Danish Archaea Centre, Department of Biology, University of Copenhagen, Ole Maaløes Vej 5, 2200 Copenhagen, Denmark.
Viruses. 2018 Dec 8;10(12):695. doi: 10.3390/v10120695.
Genetic engineering of viruses has generally been challenging. This is also true for archaeal rod-shaped viruses, which carry linear double-stranded DNA genomes with hairpin ends. In this paper, we describe two different genome editing approaches to mutate the rod-shaped virus 2 (SIRV2) using the archaeon LAL14/1 and its derivatives as hosts. The anti-CRISPR (Acr) gene , which inhibits CRISPR-Cas subtype I-D immunity, was first used as a selection marker to knock out genes from SIRV2M, an -null mutant of SIRV2. Moreover, we harnessed the endogenous CRISPR-Cas systems of the host to knock out the accessory genes consecutively, which resulted in a genome comprised solely of core genes of the 11 SIRV members. Furthermore, infection of this series of knockout mutants in the CRISPR-null host of LAL14/1 (Δarrays) confirmed the non-essentiality of the deleted genes and all except the last deletion mutant propagated as efficiently as the WT SIRV2. This suggested that the last gene deleted, SIRV2 , is important for the efficient viral propagation. The generated viral mutants will be useful for future functional studies including searching for new Acrs and the approaches described in this case are applicable to other viruses.

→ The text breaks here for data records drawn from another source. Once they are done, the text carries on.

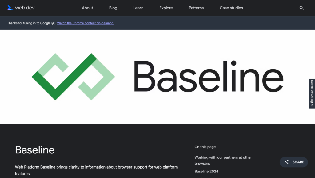 2023年5月に開催されたGoogle I/Oにて発表されたBaseline。これはブラウザ間での互換性がサポートされているAPIを分かりやすく表示するというものです。MDNやweb.devなどのドキュメントで、ブラウザ互換性がある場合にBaselineのマークが付きます。
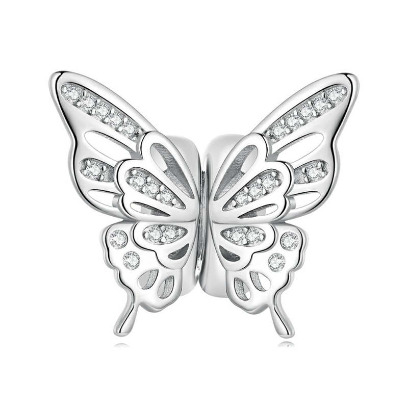 Wunderschöner Schmetterlings-Stopper-Charm, Spacer-Charm, Silber
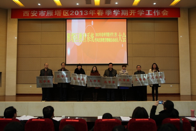 2月21日上午,雁塔区教育系统2013年春季学期开学工作与作风纪律教育整顿活动动员大会在我校召开,参加此次大会的有区教育局局长孙娥、区教育局党委书记张水利、区教育局副局长徐三雄及区各中小学、幼儿园的校长、园长及负责人,大会由区教育局党委书记张水利主持。
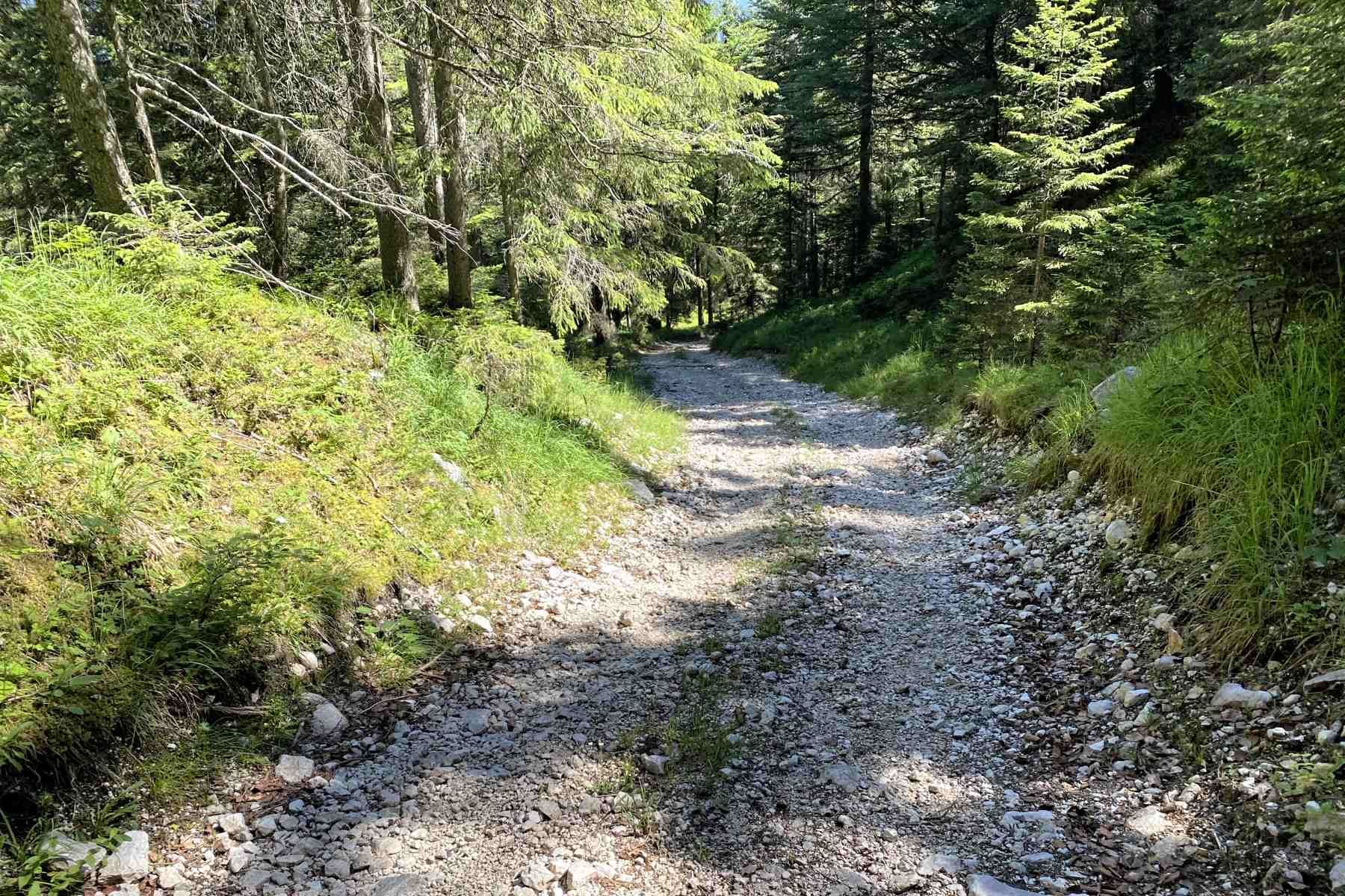 Vom Ferchensee aus führt zu nächst ein breiter Schotterweg in westliche Richtung. Es folgen zwei Abzweige nach Rechts in Richtung Ellmau und dabei verlassen wir den Weg 820 und folgen den Weg 870 Richtung Wetterstein Alm / Schachen.
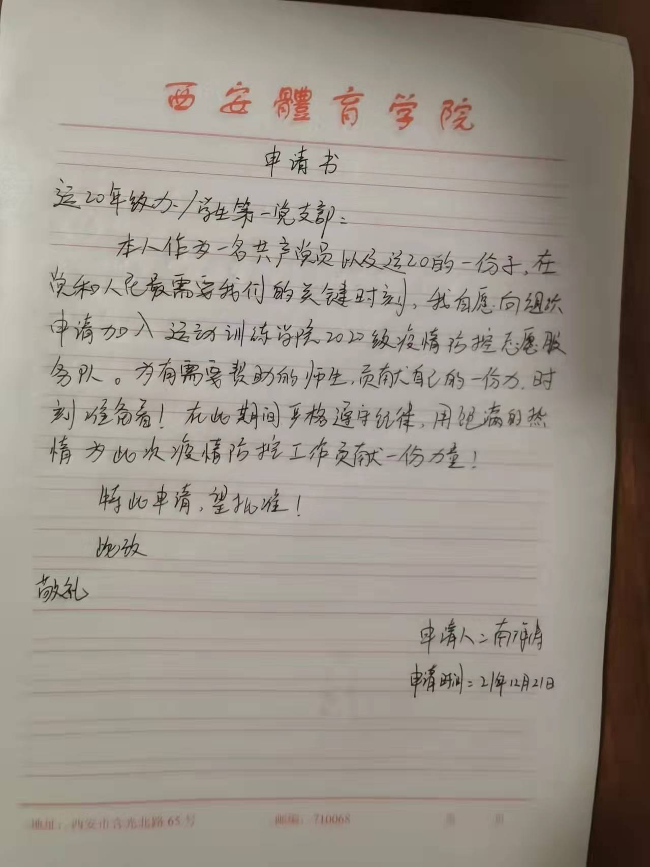 数九寒冬暖人心。疫情发生后,学院领导特别关注和关心被隔离的教师,我院教师吴洁老师被隔离后,党委书记王鑫每天与吴老师通话,主动关心问候,及时心里开导;党委组织员宋文杰老师时刻挂念在鄠邑校区值守的教师,在解除隔离后,想办法自费为鄠邑校区老师购买相关物资;同时学院为有困难的教师随时做好服务。运动训练学院学生主动请缨,自愿申请加入疫情服务志愿队,他们有的在核酸检测现场维持秩序,有的在为隔离学生送水送餐。与此同时,一封封志愿申请书也源源不断的递交到年级办公室,它们像一阵阵暖流,融化着疫情寒冬下的冰雪。截止目前,年级办已收到160多份申请书,这个数字还在不断增加。年级办就志愿者报名人数立即成立了三个志愿小分队,随时待命,为校区和学生提供服务。
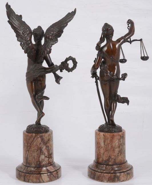 A pair of bronze figures of 'Justice and Peace'
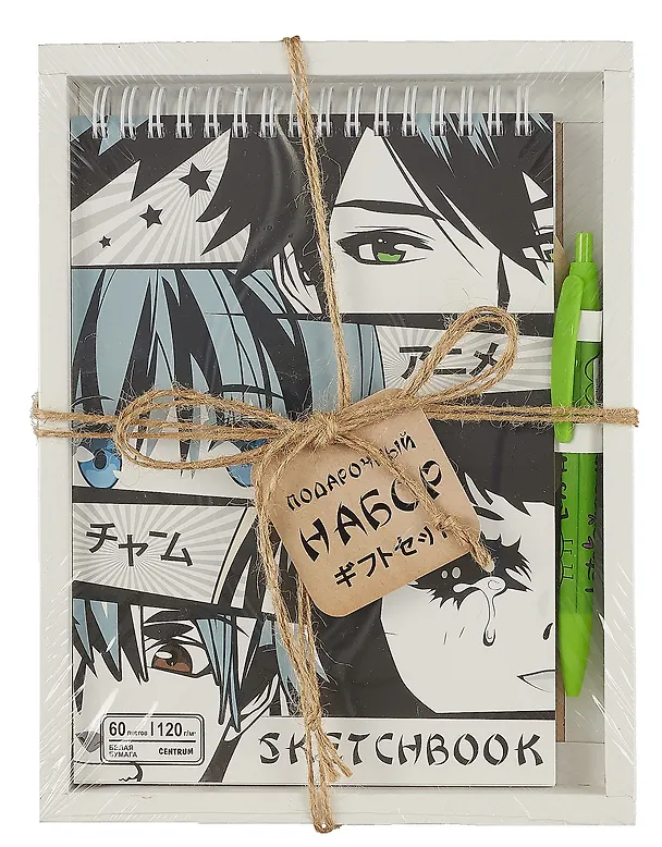 Скетчбук с ручкой в красивой подарочной упаковке смотрится стильно и презентабельно. Приобретали мальчишкам в качестве подарка в школе. Сам скетчбук и ручка самые простые, но за счет упаковки, а особенно крафтовой тесьмы смотрится здорово. Детям понравилось. Да и для заметок в школе скетчуб всегда пригодиться, тем более, что формат не маленький, как у блокнота, но и носить с собой вполне удобно.
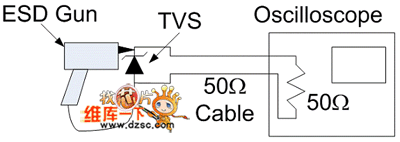 比較保護(hù)二極管鉗位電壓的途徑是采用一臺(tái)示波器截取保護(hù)二極管兩端在ESD產(chǎn)生期間內(nèi)的實(shí)際電壓波形,可以根據(jù)圖2的測(cè)試設(shè)置來(lái)實(shí)現(xiàn)。
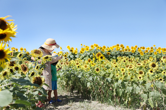 春に来たときには菜の花満開だった場所には太陽を真っすぐ向いた向日葵たち。近くに住む小学生のお姉ちゃん...
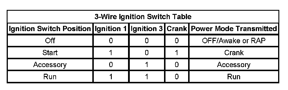 On vehicles that have several control modules connected by serial data circuits, one module is the power mode master (PMM). On this vehicle, the PMM is the body control module (BCM). The PMM receives 3 discrete ignition switch signals to differentiate which power mode will be sent over the Serial Data circuits. The table illustrates the state of these inputs in correspondence to the ignition switch position.
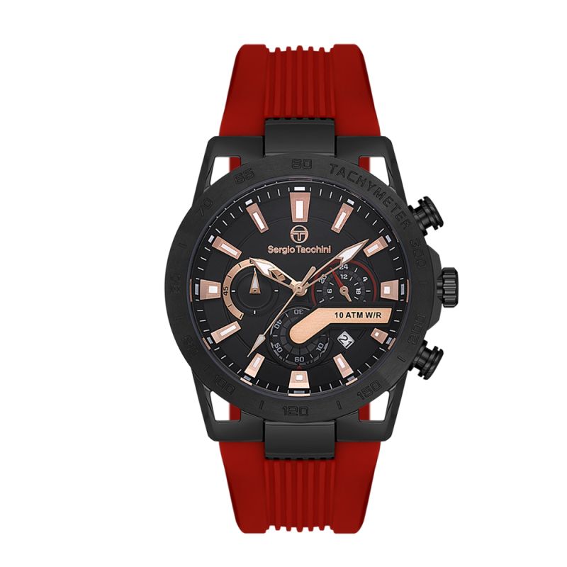 Спортен модел мъжки часовник Sergio Tacchini с дисплей хронограф. Корпус от неръждаема стомана, съчетан със силиконова каишка. Стъкло минерал-кристал. Задвижва се от кварцов механизъм. Водоустойчивост 10 ATM - позволява мокрене, къпане и плуване във водни басейни.
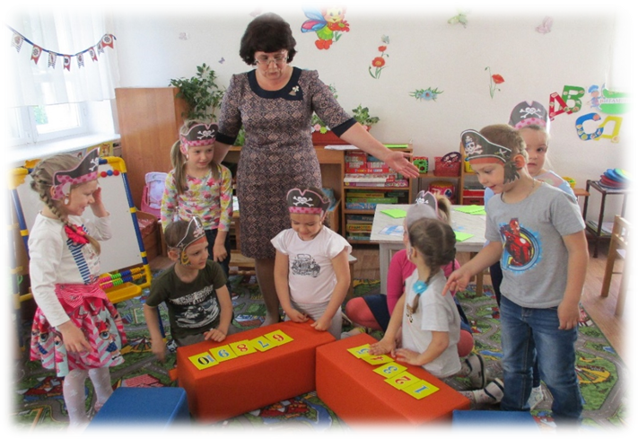 Д/игры: «Найди недостающую фигуру в каждом ряду», «Заряди пушку. Пиратские шляпы, карта, модули для строительства корабля, карточки с цифрами, «камни» с цифрами, сундук, пушка с ядрами, листочки в клеточку, карандаши простые, бананы, проектор, ноутбук, презентация к занятию.
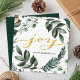 JOY Modern Gold Script Magnolia Floral Pine Bough Holiday Card
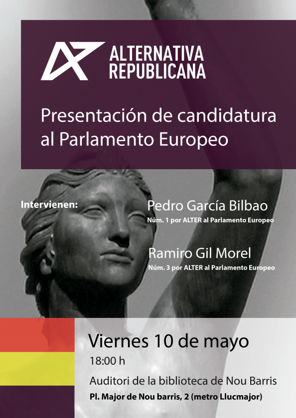 […] En 2019 fui el candidato de Alternativa Republicana en las elecciones europeas. Este texto que sigue es el manifiesto que presenté como compromiso y presentación de principios ante el electorado. Hicimos actos públicos en Gijón, Madrid, Barcelona, Motril, Granada y Málaga. Fue una acción testimonial, pues no disponíamos de medios para la campaña, pero lo hicimos, me puse a la disposición de Alter, tome mi coche y partí a donde se organizaron actos. En Barcelona lo hicimos en NouBarris y fue especialmente emotivo, todos en realidad. Pedro A. García Bilbao. Algunas de las ideas y materiales de campaña se pueden ver aquí VER Mensajes […]
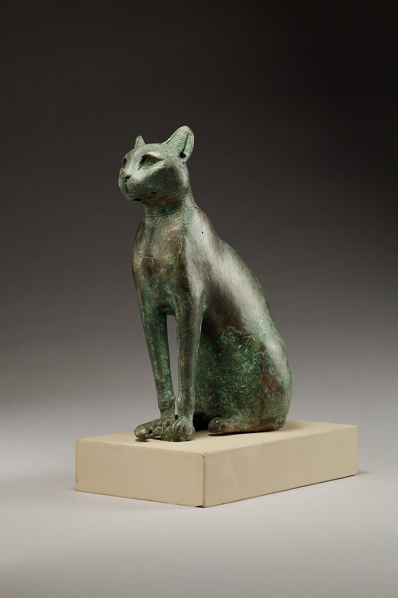 Cat statuettes like this one were among some of the most common zoomorphic dedications of the Late and Ptolemaic Periods. Small statuettes would have been dedicated as offerings to temples or deposited in catacombs alongside cat mummies, as at the extensive catacombs at Bubastis and Saqqara. Sometimes larger hollow examples held a cat mummy inside.
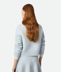Cardigan in wool boucle. Product Details - Wool boucle cardigan - Metal knot buttons closure - Regular fit - Material: 49% cotton, 41% wool, 9% polyamide, 1% elastane - Color: Bubble - Made in: Italy - Product code: 812469V4WQ04033 Size & Fit - Model is 177 cm | 5'9" and is wearing a Bottega Veneta size S
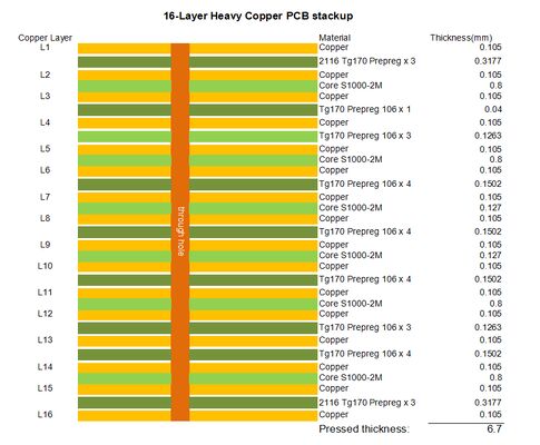 | Layerconfiguratie | 16-laag PCB, 3 oz zwaar koper per laag |
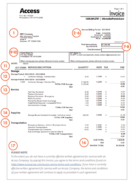 - En-têtes de facture: Qté d’articles – compte réel de boîtes Description du service – type de contenant ou de service fourni. Quantité – volume total en pied cube par type de contenant ou nombre d’articles fournis. Tarif – tarif de stockage par pied cube pour le nombre de jours dans la période de facturation ou prix par type de service. Taxe – O/N indique si la taxe s’applique. Frais – total facturé pour le poste
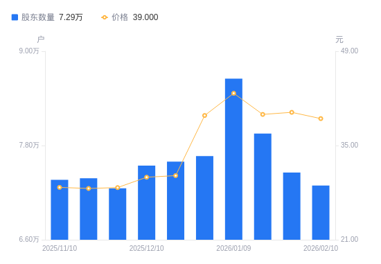 日期A股户数(户)流通A股户均持股数(股)户均持股市值(万元)2026-02-107290011267.6843.942026-01-307456611015.9343.992026-01-207953110328.2340.922026-01-09865119494.9140.602025-12-317664910716.5742.292025-12-197595010815.2033.022025-12-107544110888.1732.982025-11-287254911322.2032.552025-11-207382711126.2031.842025-11-107363311155.5232.11

病毒的基因工程通常具有挑战性。这对于具有线性双链 DNA 基因组和发夹末端的古菌杆状病毒也是如此。在本文中,我们描述了两种不同的基因组编辑方法,用于使用古菌 LAL14/1 及其衍生物作为宿主来突变杆状病毒 2(SIRV2)。抗 CRISPR(Acr)基因最初被用作选择标记,以敲除 SIRV2M 的基因,SIRV2M 是 SIRV2 的 -null 突变体。此外,我们利用宿主的内源性 CRISPR-Cas 系统连续敲除辅助基因,导致基因组仅由 11 个 SIRV 成员的核心基因组成。此外,在 LAL14/1 的 CRISPR 缺失宿主(Δarrays)中感染这一系列缺失突变体,证实了缺失基因的非必需性,除最后一个缺失突变体外,所有缺失突变体的繁殖效率均与 WT SIRV2 一样高。这表明最后删除的基因 SIRV2 对于病毒的有效繁殖很重要。生成的病毒突变体将有助于未来的功能研究,包括寻找新的 Acrs,并且本文中描述的方法适用于其他病毒。